Nominations Solicited for the 2013 Al Copeland Humanitarian Award

It is time once again for us to solicit nominations for the Al Copeland Humanitarian Award.  The criteria of the Al Copeland Humanitarian Award can be summarized by quoting our original blog post in which we sang the praises of Al Copeland and all that he did for humanity:

Al Copeland may not have done the most to benefit humanity, but he certainly did more than many people who receive such awards.  Chicago gave Bill Ayers their Citizen of the Year award in 1997.  And the Nobel Peace Prize has too often gone to a motley crew including unrepentant terrorist, Yassir Arafat, and fictional autobiography writer, Rigoberta Menchu.   Local humanitarian awards tend to go to hack politicians or community activists.  From all these award recipients you might think that a humanitarian was someone who stopped throwing bombs… or who you hoped would picket, tax, regulate, or imprison someone else.

Al Copeland never threatened to bomb, picket, tax, regulate, or imprison anyone.  By that standard alone he would be much more of a humanitarian.  But Al Copeland did even more — he gave us spicy chicken.”

Last year’s winner of “The Al” was George P. Mitchell, a pioneer in the use of fracking to obtain more, cheap and clean natural gas.  As I wrote last year about why Mitchell won:

George P. Mitchell didn’t even invent the techniques that he commercialized to extract significantly more natural gas.  Mitchell’s efforts didn’t just reduce carbon emissions by making clean energy plentiful, as Matt documents in his nomination.  Mitchell demonstrated how improving the human condition, including improving the environment, is more likely to come from individual freedom and capitalism than from government coercion.

Yes, Mitchell was richly rewarded financially for his accomplishments, but we’ve already established that making money in no way undermines one’s case for having improved the human condition.

Mitchell won over a group of other worthy nominees:  Banksy, Ransom E. Olds, Stan Honey, and Alfred Fielding and Marc Chavannes.

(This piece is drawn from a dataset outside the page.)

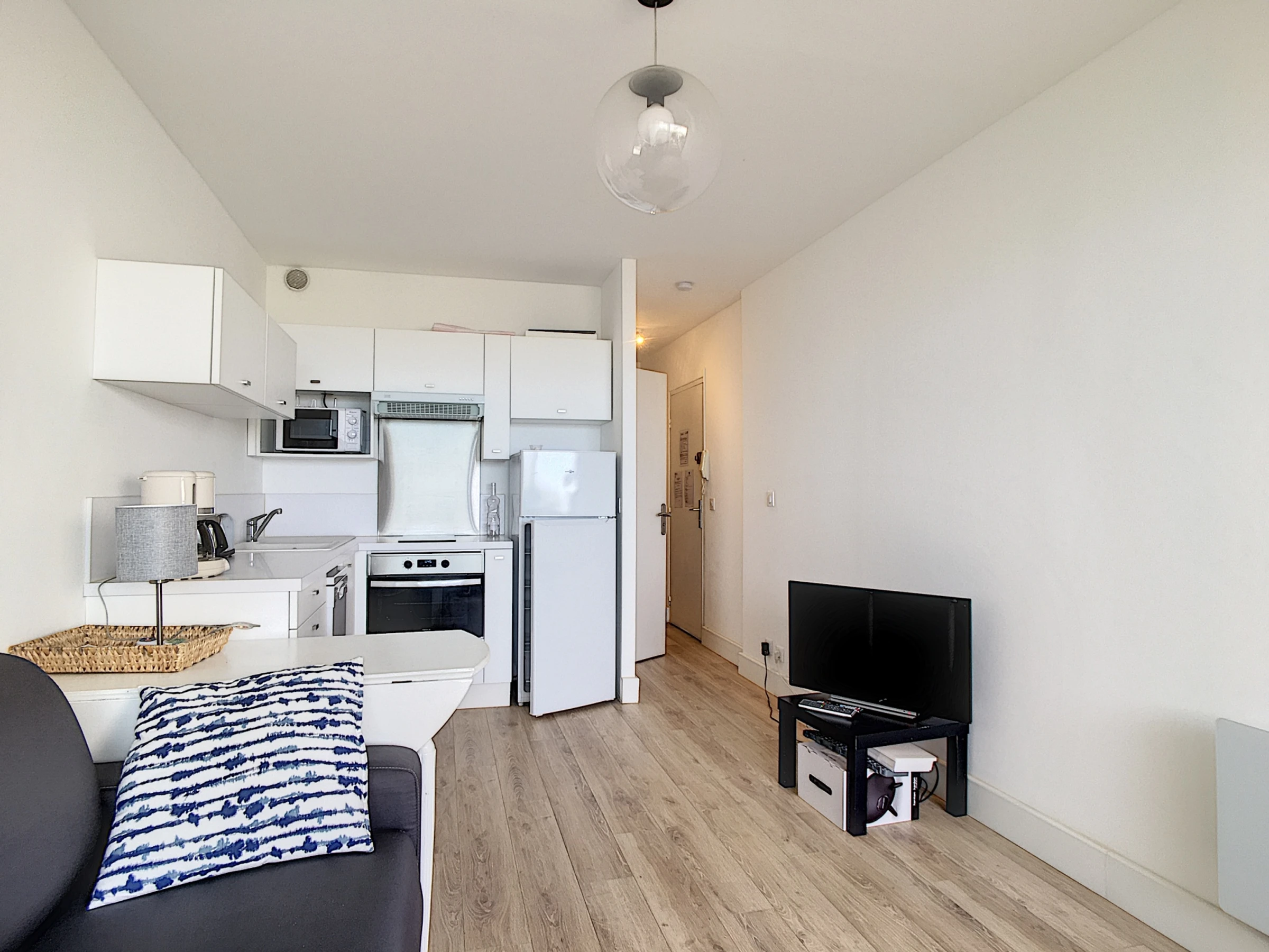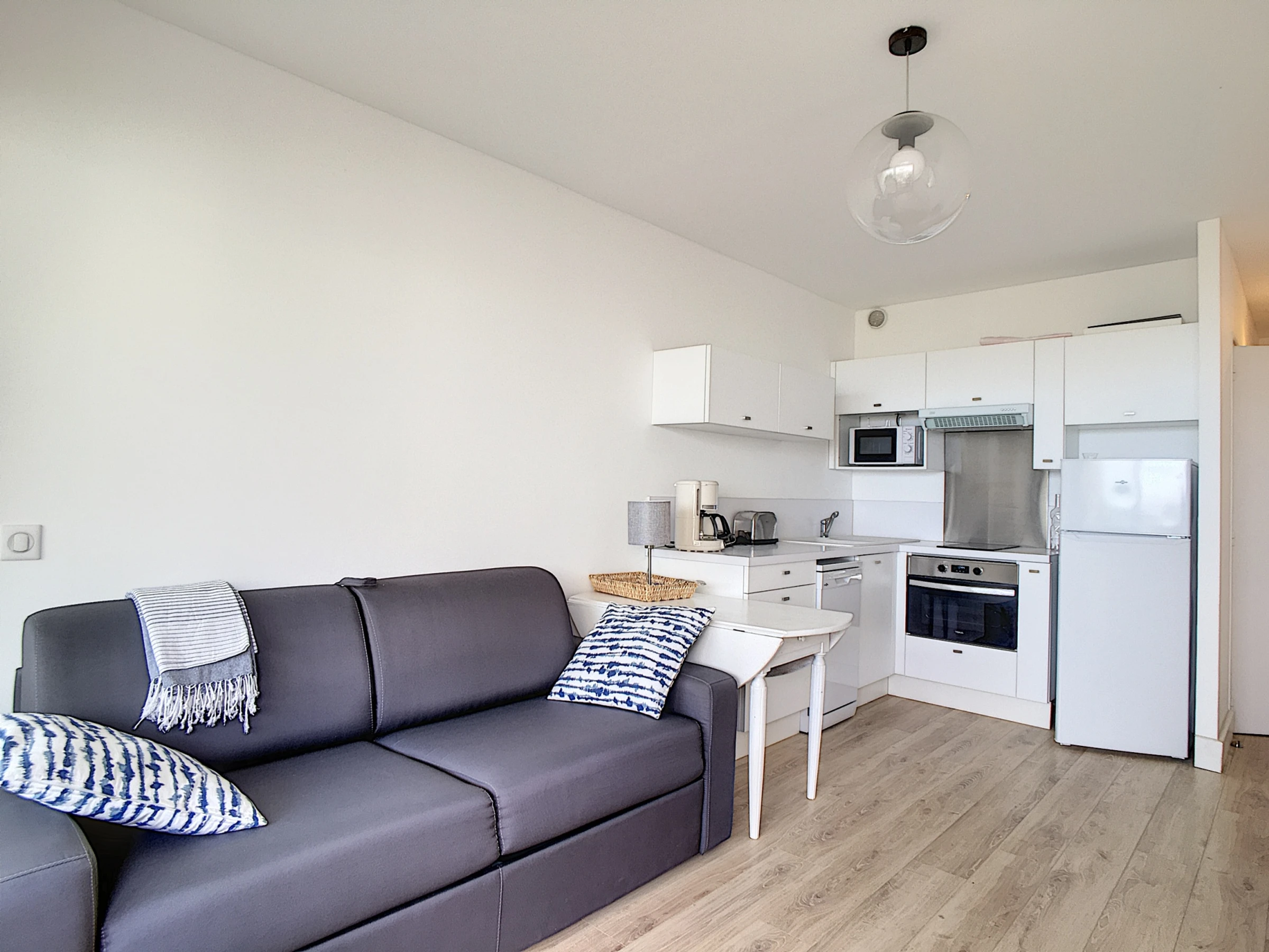 Alquiler por temporada, Muy linda Cabaña Estudio con todas las comodidades recientemente renovada y equipada para 4 personas. Situado en la planta baja de una residencia en la playa, orientado al este, se beneficia de una agradable vista al mar. Consta de un hermoso salón con cocina americana totalmente equipada, un sofá cama, un camarote con cama de 140 cm, un baño con ducha y un aseo.

In 2011 “The Al” went to Earle Haas, the inventor of the modern tampon.  Thanks to Anna for nominating him and recognizing that advances in equal opportunity for women had as much or more to do with entrepreneurs than government mandates.  Haas beat his fellow nominees:  Charles Montesquieu, the political philosopher, David Einhorn, the short-seller, and Steve Wynn, the casino mogul.

The 2010  winner of  “The Al” was Wim Nottroth, the man who resisted Rotterdam police efforts to destroy a mural that read “Thou Shall Not Kill” following the murder of Theo van Gogh by an Islamic extremist.  He beat out  The Most Interesting Man in the World, the fictional spokesman for Dos Equis and model of masculine virtue, Stan Honey, the inventor of the yellow first down line in TV football broadcasts, Herbert Dow, the founder of Dow Chemical and subverter of a German chemicals cartel, and Marion Donovan and Victor Mills, the developers of the disposable diaper.

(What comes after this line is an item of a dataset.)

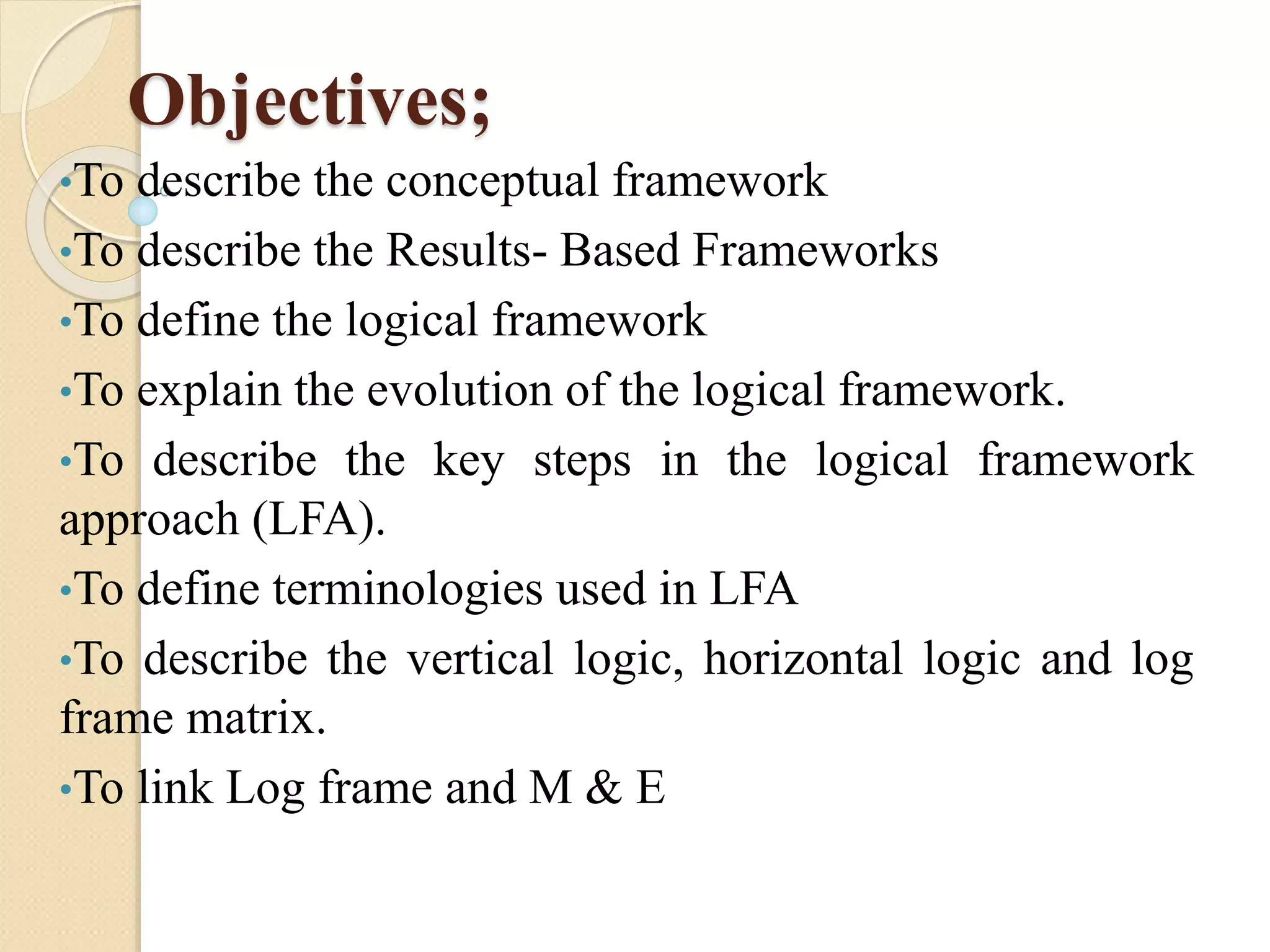 The document outlines various monitoring and evaluation frameworks including conceptual frameworks, results frameworks, and the logical framework approach (LFA), which are essential for the planning, implementation, and assessment of projects. It discusses the significance of these frameworks in understanding relationships among project components, identifying objectives and strategies, and linking outputs to desired outcomes. Furthermore, it emphasizes the importance of stakeholder engagement and the iterative nature of project design and evaluation.

And the 2009 winner of “The Al” was  Debrilla M. Ratchford, who significantly improved the human condition by inventing the rollerbag.  She beat out Steve Henson, who gave us ranch dressing,  Fasi Zaka, who ridiculed the Taliban,  Ralph Teetor, who invented cruise control, and Mary Quant, who popularized the miniskirt.

Nominations can be submitted by emailing a draft of a blog post advocating for your nominee.  If I like it, I will post it with your name attached.  Remember that the basic criteria is that we are looking for someone who significantly improved the human condition even if they made a profit in doing so.  Helping yourself does not nullify helping others.  And, like Al Copeland, nominees need not be perfect or widely recognized people.

7 Responses to Nominations Solicited for the 2013 Al Copeland Humanitarian Award

  1. Christopher Vincent says:

    I nominate Jim Moore a fruit breeder who is the main reason we get fresh blackberries in the grocery store. He bred the first thornless, erect blackberries, saving the fingers of children in U-pick farms nationwide. He also bred firm fruited varieties, which is the reason we can eat fresh blackeberries from the store, and don’t have to go looking for fencerows to try our luck against ticks and birds. He bred several fruit species in Arkansas, which, it turns out is a very harsh environment, so the varieties that do well in Arkansas, do incredibly well in other places. Thus nearly every blackberry you find in the grocery store comes from his lines now grown in Mexico and Chile. He’s also an all around nice guy.

  2. Greg Forster says:

    Correction: The first person to win The Al was Al Copeland.

  3. […] of year when a blogger’s thoughts turn toward the Al Copeland Humanitarian of the Year Award! Nominations have been opened for this year’s award. Keep your eyes on Jay’s blog, because I’ve been saving up ideas for people to nominate […]

  4. Natty Bumpoo says:

    This is stupid.

    • Greg Forster says:

      Looks like someone’s angling for a Higgy nomination! Be patient – that’s not till spring. But we’ll keep your name on file.